Figure 2.

Chemical assembly of K11-linked di- and tri-Ub chains. (a,c,e) Coomassie-stained 15% SDS PAGE gels of the chemical condensation reactions of (a) K11-linked Ub₂ ¹⁵N-labeled on the proximal Ub, (c) K11-linked Ub₃ with the middle Ub unit ¹⁵N-labeled, and (e) K33,K11-linked Ub₃ with the middle Ub unit ¹⁵N-labeled. K11-linked Ub₂ (panel a) was assembled from Alloc-protected monomers of Ub-SR (Ub-SR^A) and TFA-treated ¹⁵N-labeled K11Boc Ub (TFA K11B Ub^A). K11-linked Ub₃ (panel c) was assembled from Alloc-protected Ub-SR and distal-¹⁵N-labeled K11-linked Ub₂ (TFA K11B Ub₂^A) whose distal-K11 side chain was made available for ligation by TFA treatment. K33,K11-linked Ub₃ (panel e) was assembled from Alloc-protected proximal-¹⁵N- labeled K33-linked Ub₂ (K33-Ub₂-SR) and TFA-treated K11Boc Ub (TFA K11B Ub^A). Formation of Ub₂ or Ub₃ is observed after 20 hours of reacting the proteins with AgNO₃, H-OSu, and DIEA. 0.3 – 0.4 μL are loaded from the reaction directly onto gel. Notations used here: “TFA” indicates that the corresponding protein was treated with TFA to remove the Boc group in order to make the corresponding Lys available for the ligation reaction, while the superscript “A” indicates that the protein is Alloc-protected.

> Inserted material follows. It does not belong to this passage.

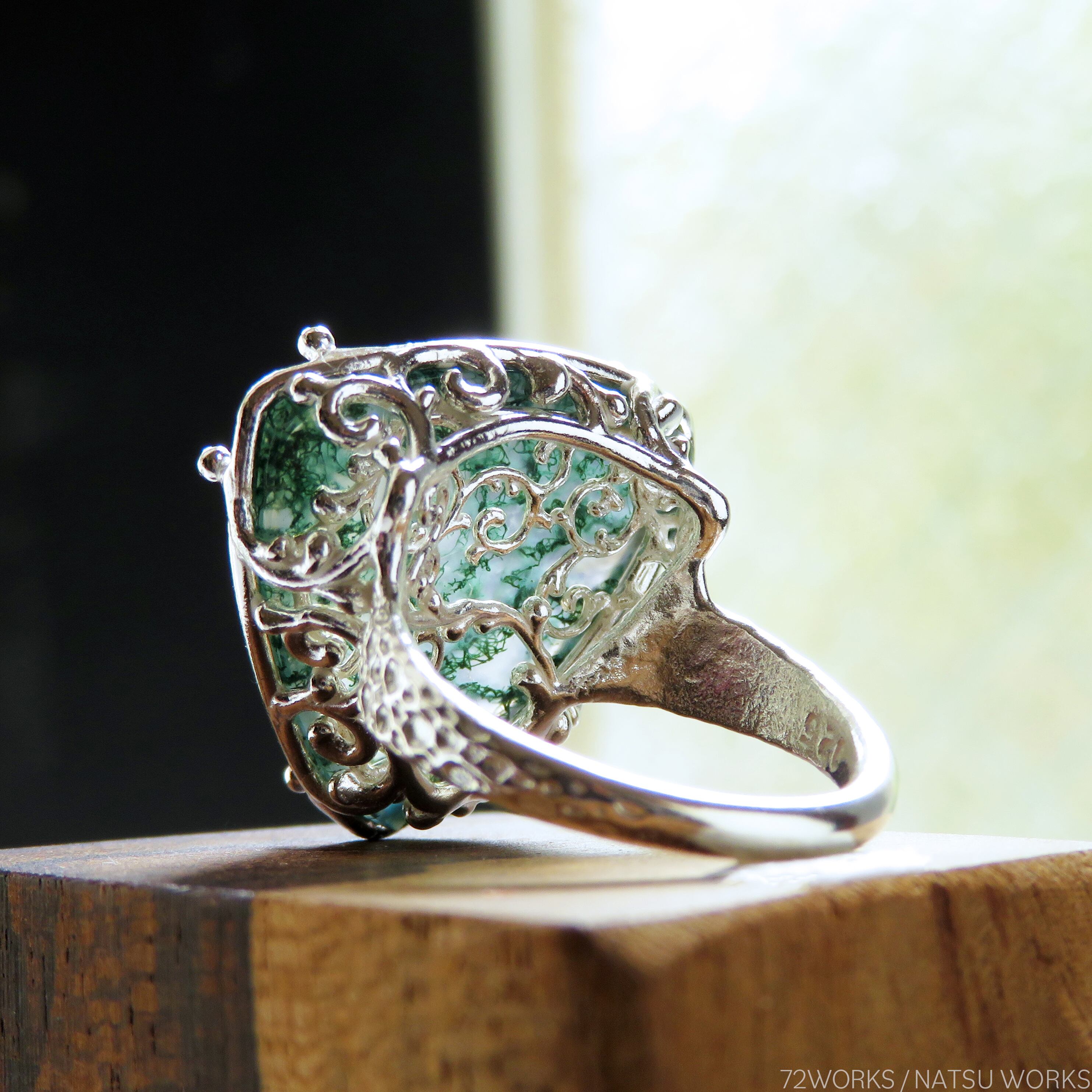 高い透明度に内包物が映えるアゲートを、透かし模様の台座にセッティングしました。
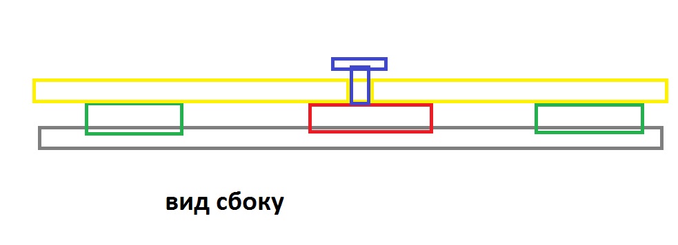 обычно на оси стоит 2 каретки, ставим 3-4. Две каретки (зеленым) прикручиваем к платформе, а вот каретку красную нужно подпружинить(оранжевое) или поджать винтиком. Желтым показано платформа на которую прикручены каретки.

(b,d,f) Size-exclusion chromatograms of (b) K11-linked Ub₂, (d) homogeneously K11-linked Ub₃, and (f) mixed-linkage K33,K11-linked Ub₃ performed after Alloc deprotection and protein renaturation to purify the desired product from the unreacted components. The ability to separate Ub₂ or Ub₃ products from unreacted species is illustrated in Fig. S8.